Le Mahler polychromique de Vladimir Jurowski.
Gustav Mahler (1860-1911), Symphonie n° 4 en sol majeur. London Philharmonic Orchestra, Sofia Fomina, soprano, Vladimir Jurowski. 2016-Livret en anglais- LPO, Référence : LPO0113
En découvrant la pochette du troisième opus de l’intégrale des symphonies de Mahler que mène avec brio depuis quelques années le chef russe Vladimir Jurowski, nous avions envie de citer la célèbre fable de Jean de La Fontaine le Corbeau et le Renard : « Que vous êtes joli ! Que vous me semblez beau ! Sans mentir, si votre ramage, Se rapporte à votre plumage, Vous êtes le phénix des hôtes de ces bois. ». Les belles plumes qui ornent le livret de ce CD annoncent la couleur.
Nous avons connu par le passé Vladimir Jurowski énervé, parfois rageur mais toujours pour la bonne cause, celle d’une lecture renouvelée d’un répertoire parfois routinier. A l’image d’un Téodor Currentzis, le Moscovite ne laisse personne indifférent aussi bien sur le fond que sur la forme. Il lui arrive même d’en faire trop au risque d’agacer et de lasser… Ici il nous prend par surprise par sa retenue en nous livrant à la tête du London Philharmonic Orchestra une lecture apaisante et même salutaire. Point de démonstration orchestrale ou de fausse communion à la nature. Jurowski n’est pas un castor junior ou un Sylvain Tesson de la baguette. Si la musique de Mahler est bien celle de « la nature », le chef russe la traite avec sincérité et puise dans ses racines mozartiennes pour lui donner tout le lyrisme et la tristesse qu’elle réclame.

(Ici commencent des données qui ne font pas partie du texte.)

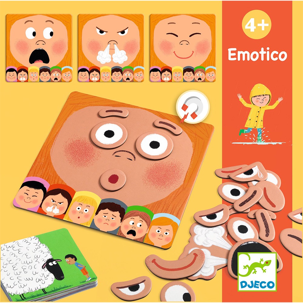 Διαλέξτε μια κάρτα και παρατηρήστε την προσεχτικά: τι νιώθει το αγοράκι ενώ κοιτάει το μεγάλο πρόβατο; Έκπληξη ή φόβο; Τα παιδιά καλούνται να αναγνωρίσουν ποιο είναι το κυρίαρχο συναίσθημα στη σκηνή που απεικονίζεται στη κάρτα ανάμεσα σε χαρά, θυμό, έκπληξη, λύπη, φόβο και ηρεμία. Αφού το αναγνωρίσουν, θα πρέπει να συνθέσουν ένα πρόσωπο που θα καθρεφτίζει αυτό το συναίσθημα, χρησιμοποιώντας μαγνητικά χαρακτηριστικά όπως μάτια, στόμα ή φρύδια. Ένα εκπαιδευτικό επιτραπέζιο της εταιρίας Djeco που καλλιεργεί τη συναισθηματική νοημοσύνη των παιδιών και αναπτύσσει τον προφορικό λόγο τους. Τα παιδιά θα ανακαλύψουν τα διαφορετικά συναισθήματα και τις διακυμάνσεις τους και έτσι θα μάθουν να κατανοούν τα δικά τους συναισθήματα καλύτερα. Το παιχνίδι περιλαμβάνει 1 μαγνητικό ταμπλό, 28 μαγνητικά κομμάτια και 24 κάρτες. Κατάλληλο από 4 ετών και άνω. Διαστάσεις Συσκευασίας: 21.5 x 21.5 x 3 εκ.

Le premier mouvement est comme l’indique la partition « sans hâte ». Jurowski prend son temps pour nous offrir toutes les couleurs de l’œuvre. Il prépare soigneusement sa palette. Comment ne pas penser à cette époque au grand Renoir et à l’impressionnisme encore contemporain de Mahler ? Mais c’est l’inverse qui s’offre à nous. Ce n’est pas un beau jardin ou une scène de la vie bourgeoise mais des danses rustiques de paysans en provenance des immenses terres montagnardes si chères au compositeur. Un mélange de beauté et d’inquiétude.
Dans le second mouvement « La mort conduit le bal ». C’est le violon (et fort bien ici) qui guide nos pas dans ce dédale grinçant et caricatural. Là encore Jurowski modère le tempo tout comme dans le troisième volet de la symphonie qui s’achève dans la plénitude et l’exaltation. Nous sommes en paix avec le monde et heureux de l’être !
Le quatrième mouvement avec son Lied est une gageure. Si Margaret Price (Horenstein, EMI) et Frederica Van Stade (Abbado, DG) sont pour nous les deux références en la matière, Sofia Fomina -l’autre russe de la production- fait une belle impression grâce à sa grande technique vocale (très bel aigu). Cette habituée de rôles complexes à l’opéra (Manon, Rosina…) est très à l’aise avec le rythme cette fois « Ruhevoll » imposé par Jurowski.
En conclusion, « Nous goûtons les joies célestes, détournés des choses terrestres. » avec cette nouvelle version de la Quatrième symphonie de Gustav Mahler. Elle ne bouleversera sans doute pas le panthéon de la discographie mais elle s’impose comme une alternative intéressante et moderne.